In particular, the IRS highlighted the requirements of keeping up with recordkeeping of loans and hardship withdrawals, and furthermore, proving that those withdrawals comply with the law.

Plan Loans
According to the IRS, files should include all of the following documents, in paper or electronic format, for each loan:

  • Loan application along with evidence of the review and approval process
  • An executed loan promissory note
  • Documentation verifying if used for purchase/construction of primary home
  • Evidence of loan payments
  • Evidence of collection in the event of a default, and
  • Form 1099-R in the event of a deemed distribution

Most important to remember as it pertains to loans is that if it is for a home purchase, the plan sponsor must obtain documentation prior to the loan being approved. The IRS stated they have found that plan administrators have allowed participants to self-certify, which is not allowed.

Hardship Withdrawals
For hardship withdrawals, the plan sponsor should retain the following records, in paper or electronic format:

  • Documentation of the hardship request, along with the review and approval
  • Financial information and documentation that substantiates the employee’s “immediate and heavy financial need”
  • Proof that the withdrawal was properly made in accordance with applicable plan provisions and the tax code, and
  • Proof the actual distribution and the related 1099-R

The IRS cautioned that it is not sufficient for plan participants to keep their own records of hardship distributions. This also means that while it is okay for a participant to self-certify to show that a distribution was the only way to pay for the hardship, self-certification is not allowed to show the nature of the hardship.

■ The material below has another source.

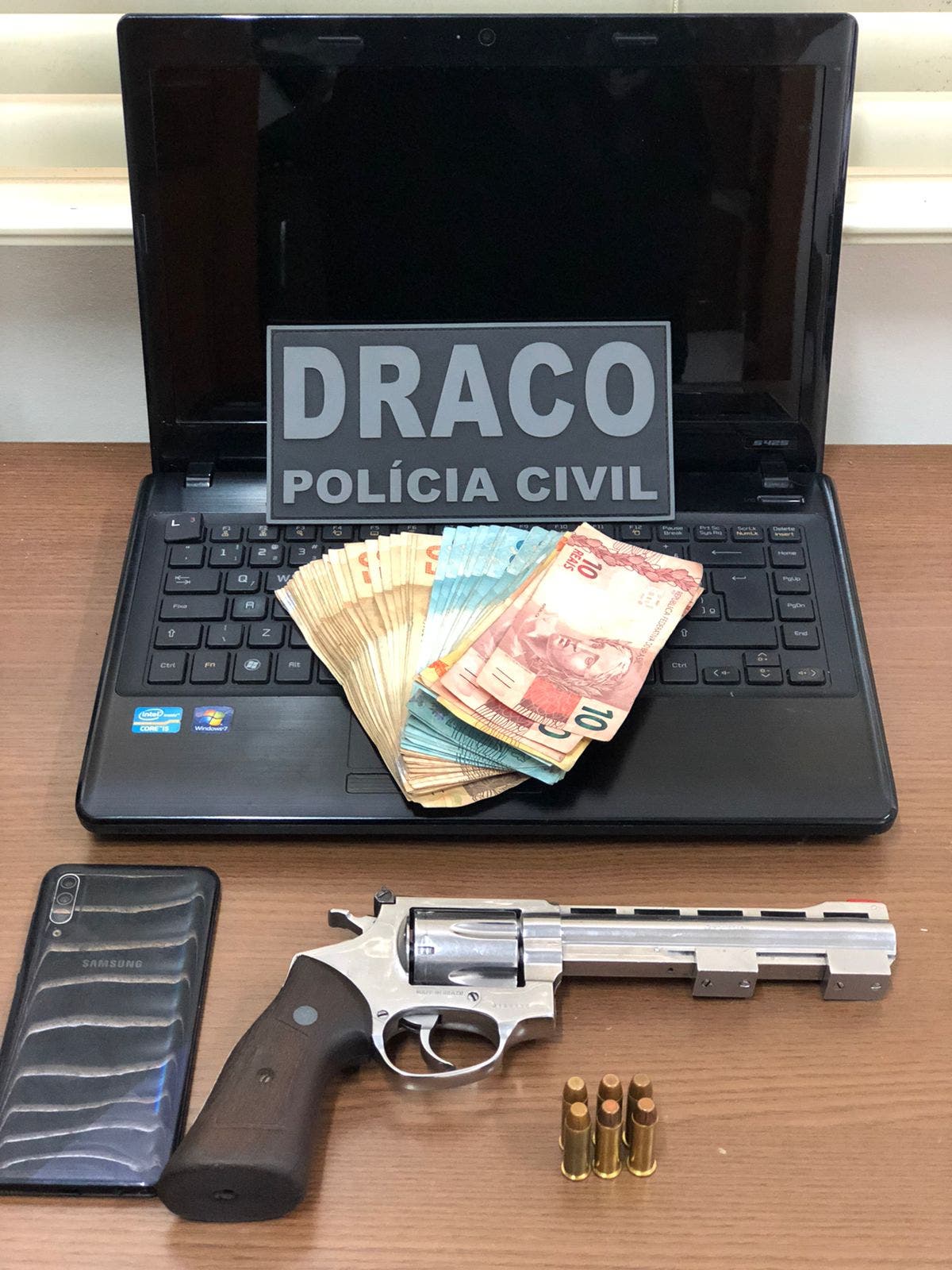 Na diligência foram apreendidos uma arma de fogo, munições, telefone celular, notebook e a quantia de R$ 3.570,00 (Três Mil Quinhentos e Setenta Reais). J.F.B.M possui anotação criminal anterior pela prática de uso de documento falso.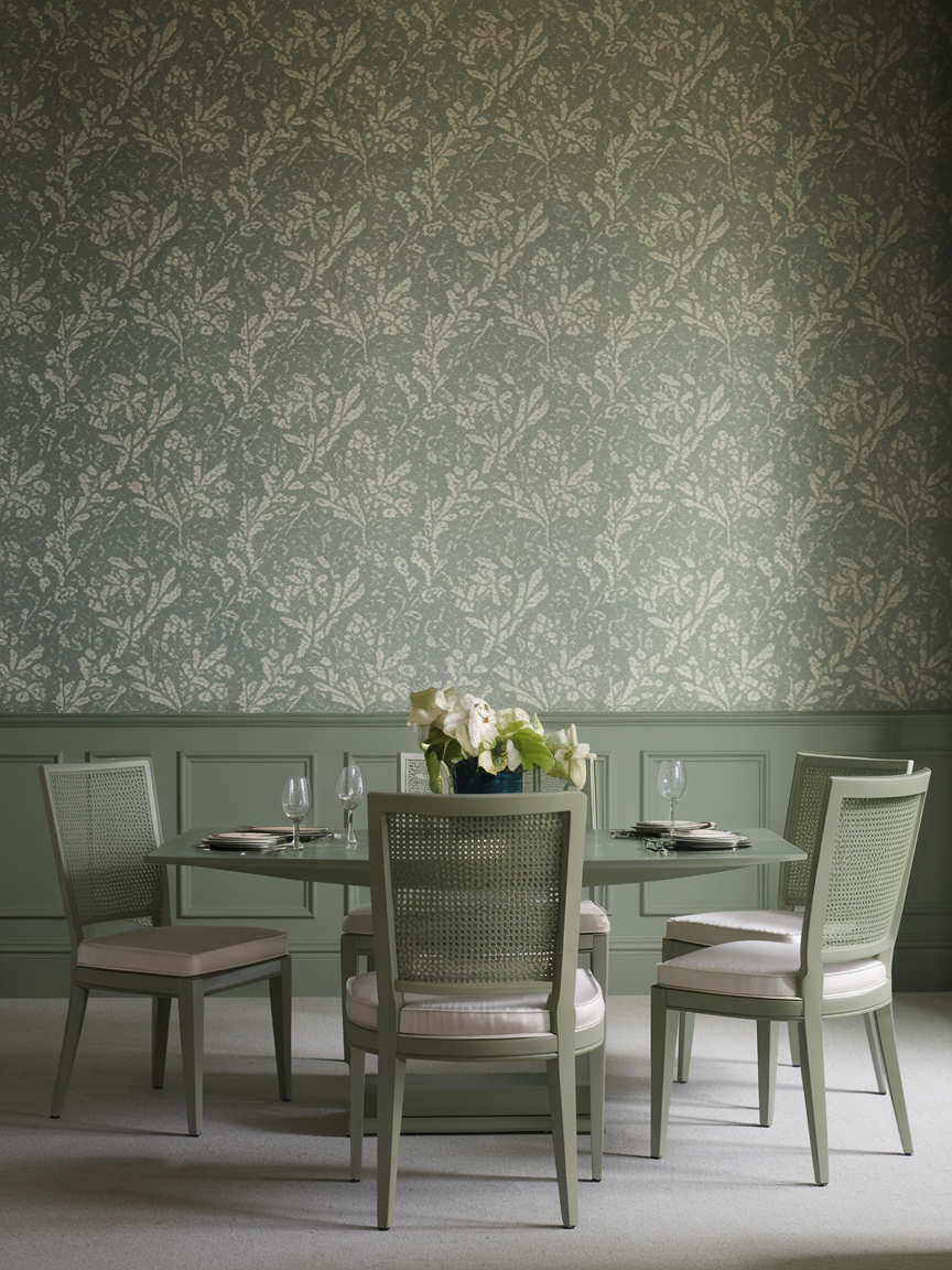 Green wallpaper introduces pattern and texture while maintaining elegance. Subtle florals, geometrics, or textured designs add visual interest without overwhelming the space. Wallpaper works particularly well as an accent wall or in formal dining rooms. Pair patterned walls with simple furniture to maintain balance. Green wallpaper creates a curated, designer-inspired look that elevates the dining experience.

The IRS also points out that failure to have these records on file for examination is itself a qualification failure that should be corrected using the Employee Plans Compliance Resolution System (EPCRS).

Plan Sponsor Considerations
It is imperative that plan sponsors understand it is their ultimate responsibility to keep all records for loans and hardship withdrawals.

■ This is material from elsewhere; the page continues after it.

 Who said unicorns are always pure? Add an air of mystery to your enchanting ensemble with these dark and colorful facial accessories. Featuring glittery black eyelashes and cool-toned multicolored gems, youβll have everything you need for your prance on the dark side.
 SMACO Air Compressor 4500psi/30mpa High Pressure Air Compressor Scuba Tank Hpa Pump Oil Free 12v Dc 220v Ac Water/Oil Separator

It is also important to remember that self-certification is not allowed for loans for purchase of home or for proving the nature of the hardship. This guidance shows that the IRS will be reviewing these items as it expands its audit program. If plan sponsors find that there is not complete documentation, they must remedy the issue. This could include correcting failures through the EPCRS.

Lastly, plan sponsors may also consider whether the administrative burden and risk of continuing to offer these types of withdrawals is worth the perceived benefit. For many, they may find there are even more benefits to not allowing in-service withdrawals, such as greater retirement savings for their employees.